Top of SUPPLIED RECORDS

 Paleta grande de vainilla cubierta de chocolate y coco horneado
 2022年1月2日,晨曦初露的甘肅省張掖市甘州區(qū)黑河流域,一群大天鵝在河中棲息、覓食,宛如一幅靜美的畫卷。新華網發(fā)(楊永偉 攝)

Bottom of SUPPLIED RECORDS
Top of SUPPLIED RECORDS

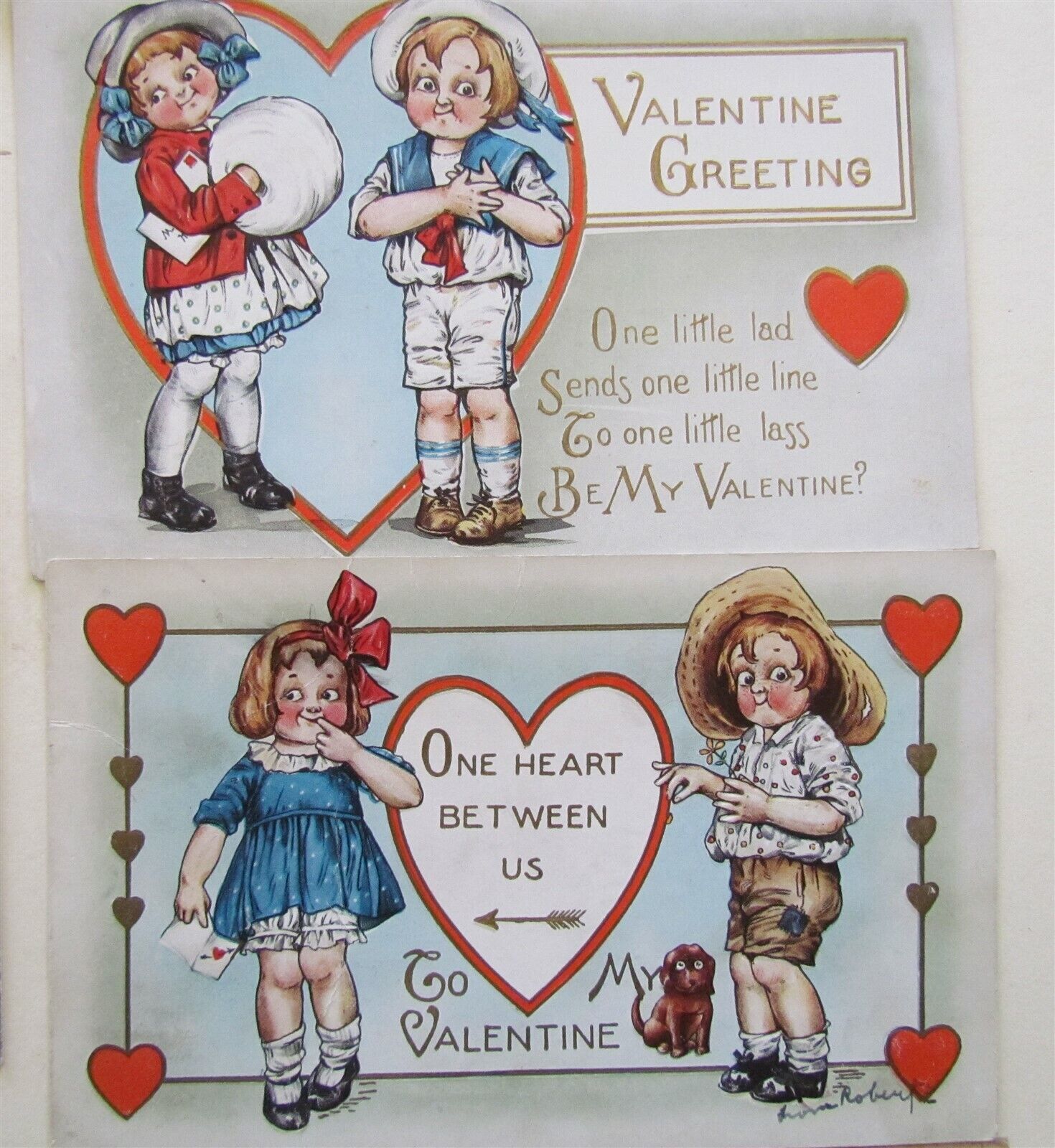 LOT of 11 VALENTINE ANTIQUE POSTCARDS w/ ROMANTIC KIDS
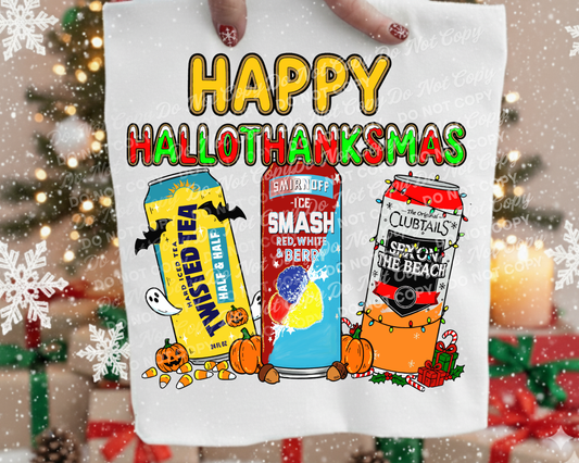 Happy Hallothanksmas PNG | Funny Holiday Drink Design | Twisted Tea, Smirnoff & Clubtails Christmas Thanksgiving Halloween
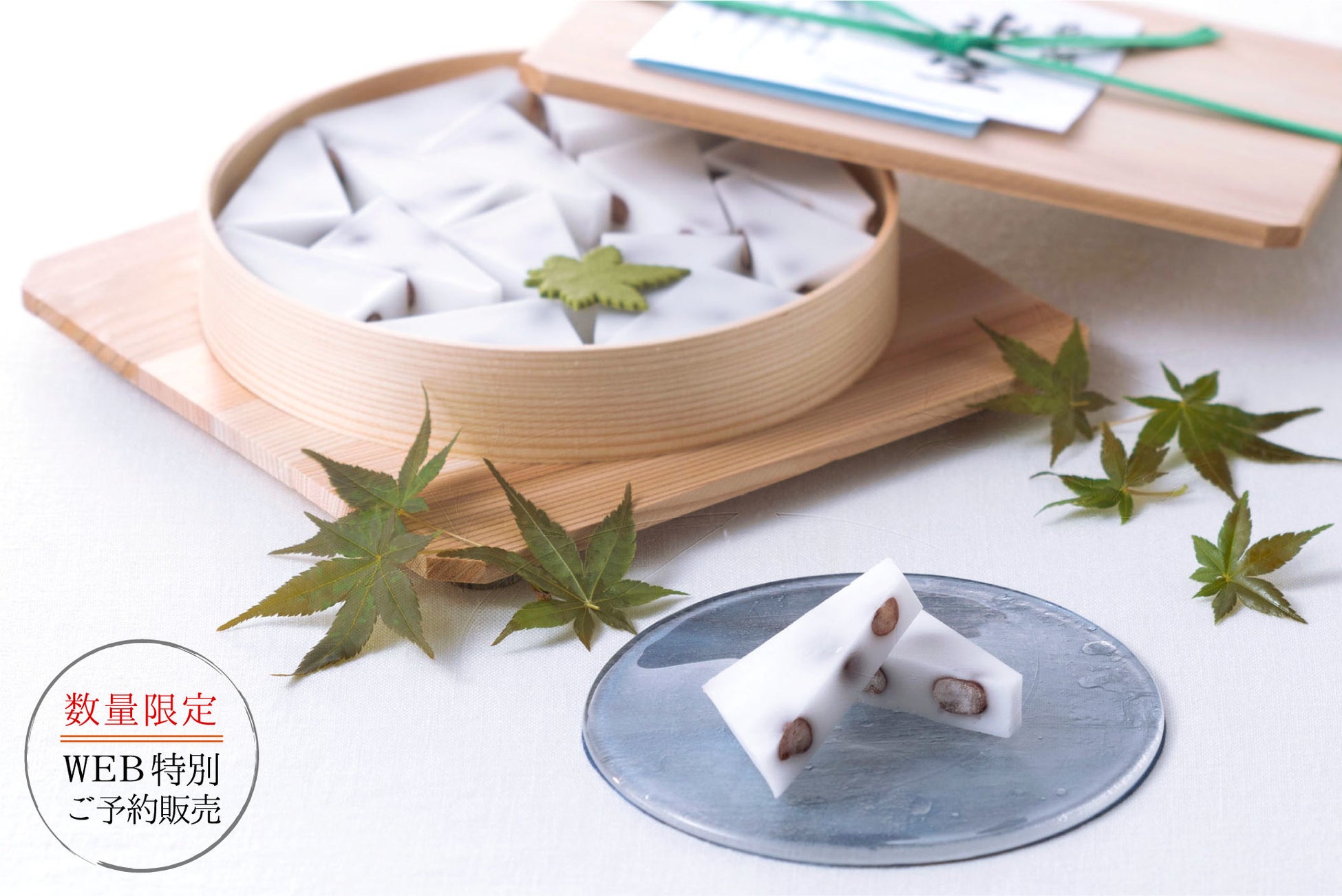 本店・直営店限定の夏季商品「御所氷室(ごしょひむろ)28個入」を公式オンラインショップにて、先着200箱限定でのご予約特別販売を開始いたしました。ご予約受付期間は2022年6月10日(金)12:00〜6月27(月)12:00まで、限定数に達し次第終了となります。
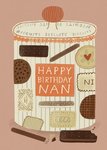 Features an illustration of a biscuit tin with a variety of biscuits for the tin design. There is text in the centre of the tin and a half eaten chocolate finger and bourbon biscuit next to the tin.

Bottom of SUPPLIED RECORDS
Top of SUPPLIED RECORDS

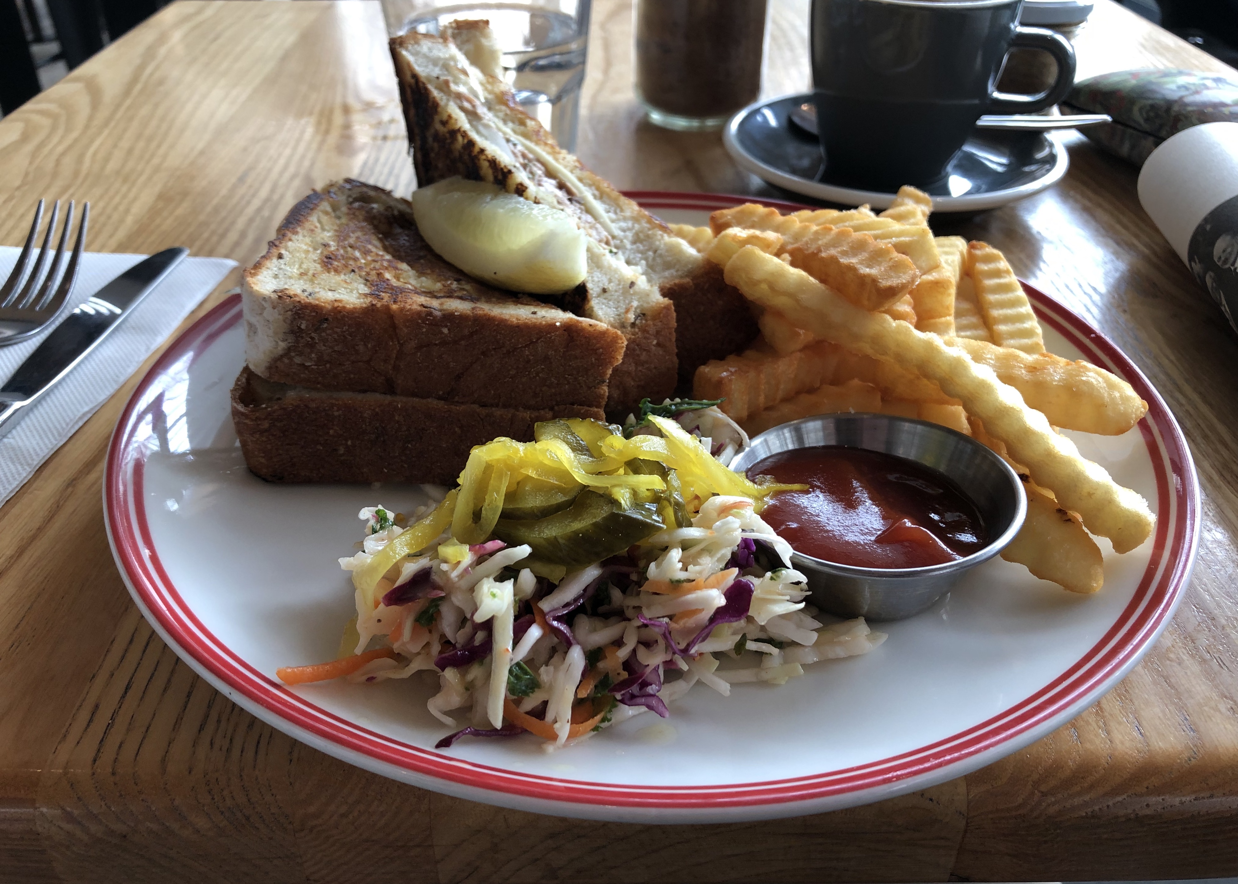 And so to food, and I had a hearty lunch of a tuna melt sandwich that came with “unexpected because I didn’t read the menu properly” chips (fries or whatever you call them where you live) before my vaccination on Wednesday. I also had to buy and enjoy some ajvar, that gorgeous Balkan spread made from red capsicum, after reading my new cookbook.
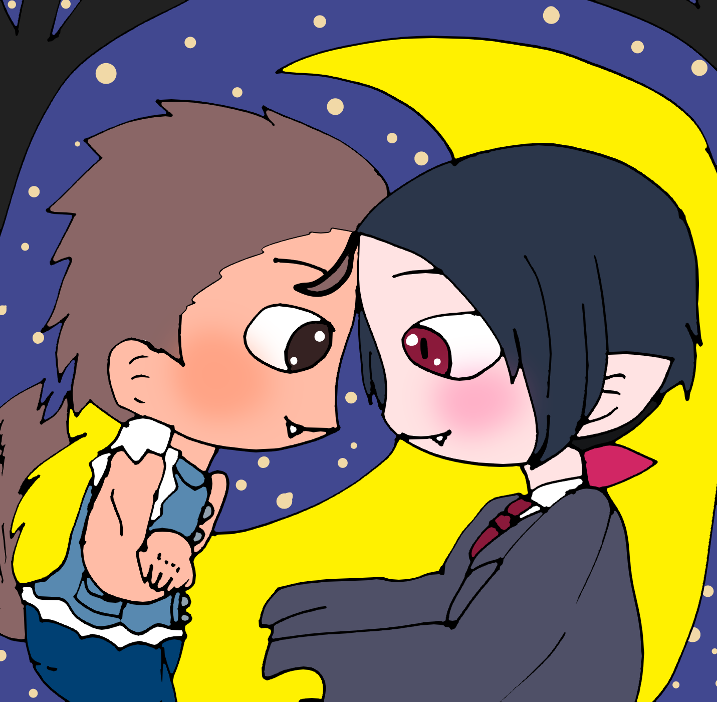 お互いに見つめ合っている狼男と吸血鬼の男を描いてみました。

Bottom of SUPPLIED RECORDS

#### [WORK ORDER]
In the entries above, find the line holding "Paleta grande de" and the line holding "2022年1月2日,晨曦初露", then retype exactly those two lines and every line between them, and nothing else.

#### [TASK OUTPUT]
 Paleta grande de vainilla cubierta de chocolate y coco horneado
 2022年1月2日,晨曦初露的甘肅省張掖市甘州區(qū)黑河流域,一群大天鵝在河中棲息、覓食,宛如一幅靜美的畫卷。新華網發(fā)(楊永偉 攝)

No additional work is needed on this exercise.